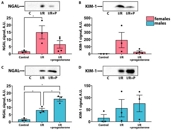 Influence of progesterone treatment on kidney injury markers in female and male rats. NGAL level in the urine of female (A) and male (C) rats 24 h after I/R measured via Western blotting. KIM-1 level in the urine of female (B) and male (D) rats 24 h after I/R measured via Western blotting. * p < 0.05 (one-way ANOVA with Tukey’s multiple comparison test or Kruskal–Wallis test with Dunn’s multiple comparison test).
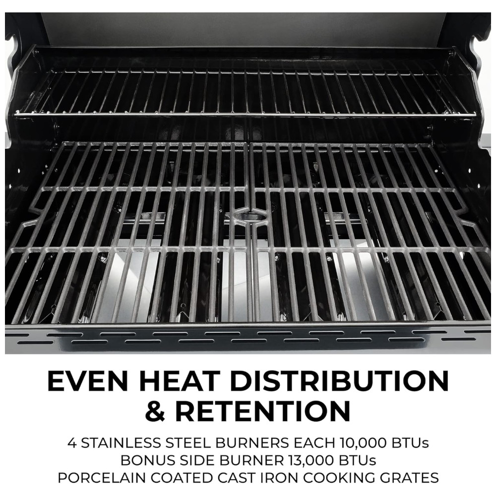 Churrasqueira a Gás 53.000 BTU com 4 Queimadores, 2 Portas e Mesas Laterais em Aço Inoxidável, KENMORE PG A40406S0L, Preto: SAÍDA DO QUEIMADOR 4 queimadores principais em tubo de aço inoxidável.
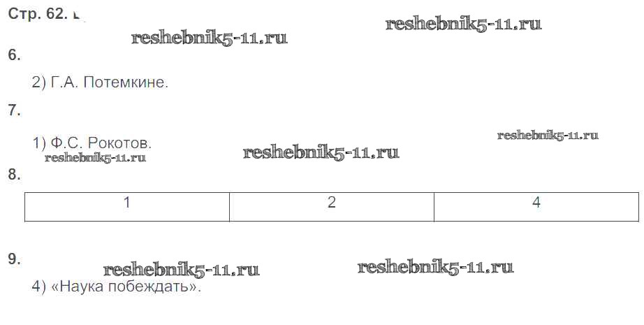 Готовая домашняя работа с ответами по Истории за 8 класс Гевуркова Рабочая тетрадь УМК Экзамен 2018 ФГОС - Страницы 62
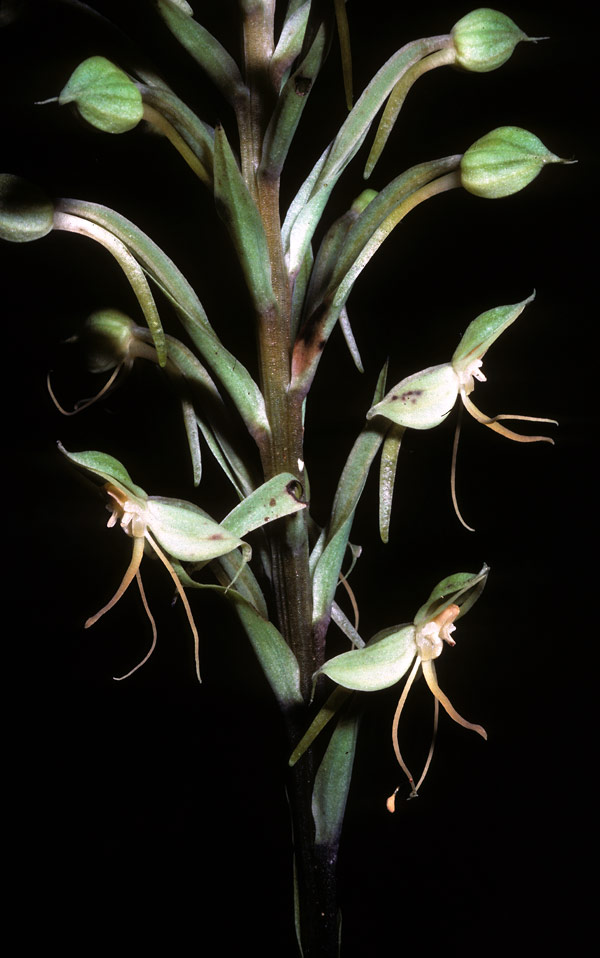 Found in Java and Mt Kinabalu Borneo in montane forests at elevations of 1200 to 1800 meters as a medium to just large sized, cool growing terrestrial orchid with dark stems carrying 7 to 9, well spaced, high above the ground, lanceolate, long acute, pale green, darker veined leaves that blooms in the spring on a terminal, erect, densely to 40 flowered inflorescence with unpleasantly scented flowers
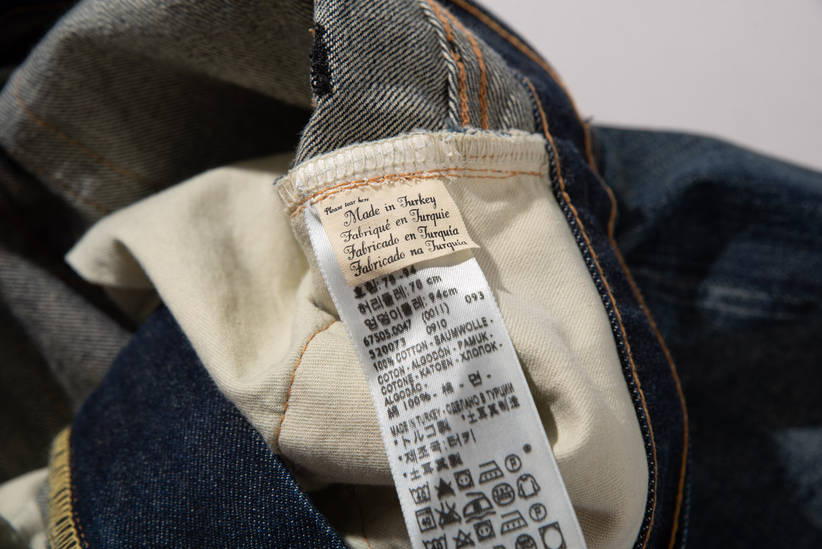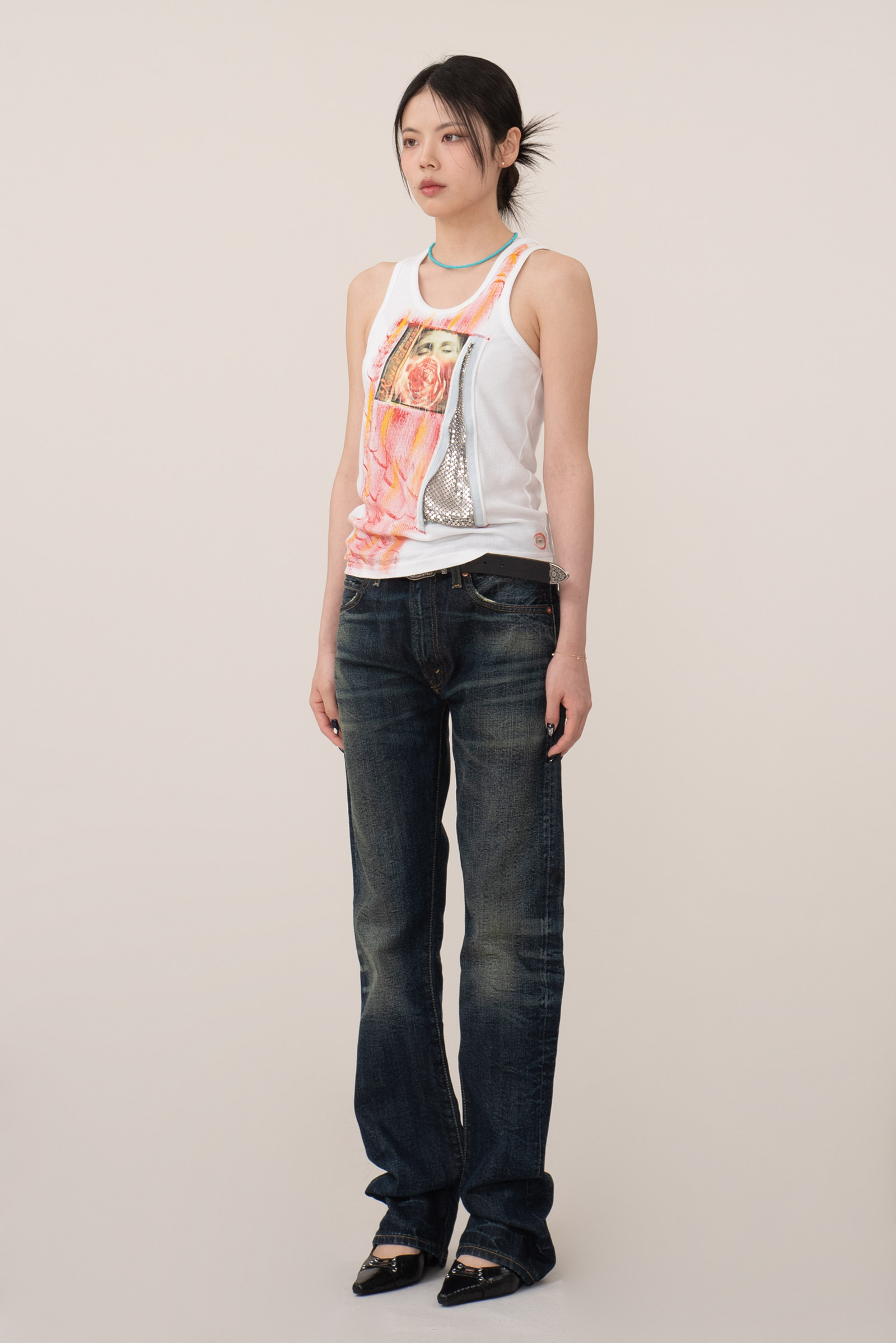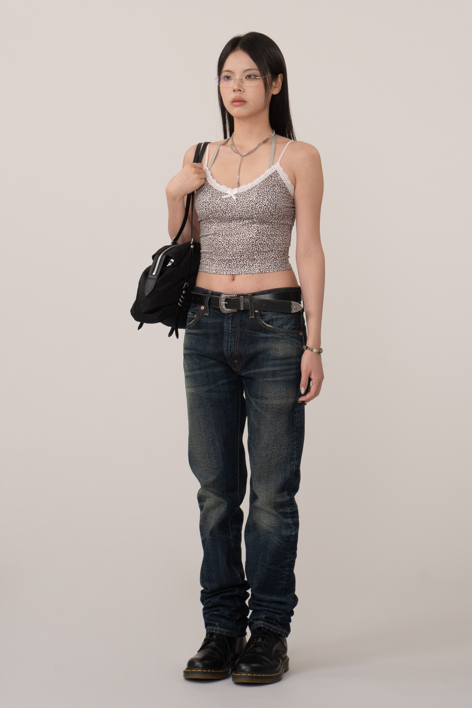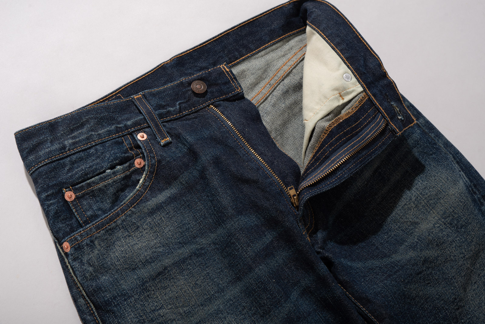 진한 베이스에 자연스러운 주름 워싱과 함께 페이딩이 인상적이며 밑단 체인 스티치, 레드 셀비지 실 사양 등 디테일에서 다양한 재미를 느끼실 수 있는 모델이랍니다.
+ + + + + + +
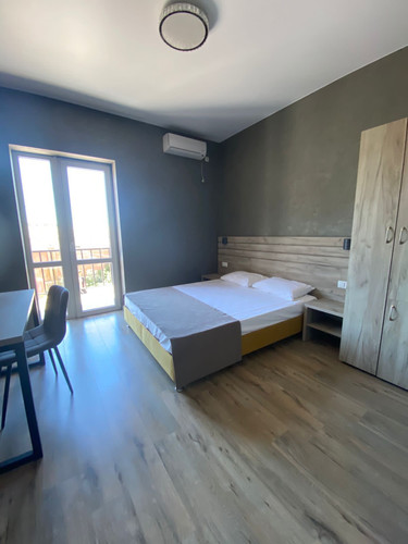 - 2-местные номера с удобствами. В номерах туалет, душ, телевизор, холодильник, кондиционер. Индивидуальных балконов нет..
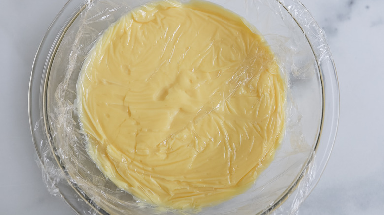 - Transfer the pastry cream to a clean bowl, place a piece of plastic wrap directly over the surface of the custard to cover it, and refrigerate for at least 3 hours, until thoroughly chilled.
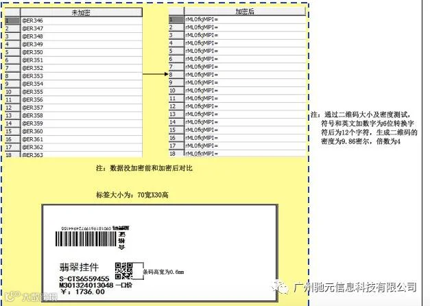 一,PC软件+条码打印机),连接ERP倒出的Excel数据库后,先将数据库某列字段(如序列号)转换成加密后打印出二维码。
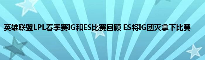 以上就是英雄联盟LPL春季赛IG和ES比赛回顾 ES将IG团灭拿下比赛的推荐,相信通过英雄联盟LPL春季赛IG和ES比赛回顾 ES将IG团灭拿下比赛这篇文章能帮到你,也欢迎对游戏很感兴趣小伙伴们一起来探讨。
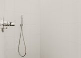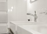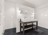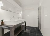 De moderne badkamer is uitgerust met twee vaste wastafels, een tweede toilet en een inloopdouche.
+ + + + + + +
Description of the task:
Leaving each picture behind, please give again exactly the lines above from the one with "Influence of progesterone" through the one with "Found in Java", both included, and no others.

Result for this exercise:
 Influence of progesterone treatment on kidney injury markers in female and male rats. NGAL level in the urine of female (A) and male (C) rats 24 h after I/R measured via Western blotting. KIM-1 level in the urine of female (B) and male (D) rats 24 h after I/R measured via Western blotting. * p < 0.05 (one-way ANOVA with Tukey’s multiple comparison test or Kruskal–Wallis test with Dunn’s multiple comparison test).
 Churrasqueira a Gás 53.000 BTU com 4 Queimadores, 2 Portas e Mesas Laterais em Aço Inoxidável, KENMORE PG A40406S0L, Preto: SAÍDA DO QUEIMADOR 4 queimadores principais em tubo de aço inoxidável.
 Готовая домашняя работа с ответами по Истории за 8 класс Гевуркова Рабочая тетрадь УМК Экзамен 2018 ФГОС - Страницы 62
 Found in Java and Mt Kinabalu Borneo in montane forests at elevations of 1200 to 1800 meters as a medium to just large sized, cool growing terrestrial orchid with dark stems carrying 7 to 9, well spaced, high above the ground, lanceolate, long acute, pale green, darker veined leaves that blooms in the spring on a terminal, erect, densely to 40 flowered inflorescence with unpleasantly scented flowers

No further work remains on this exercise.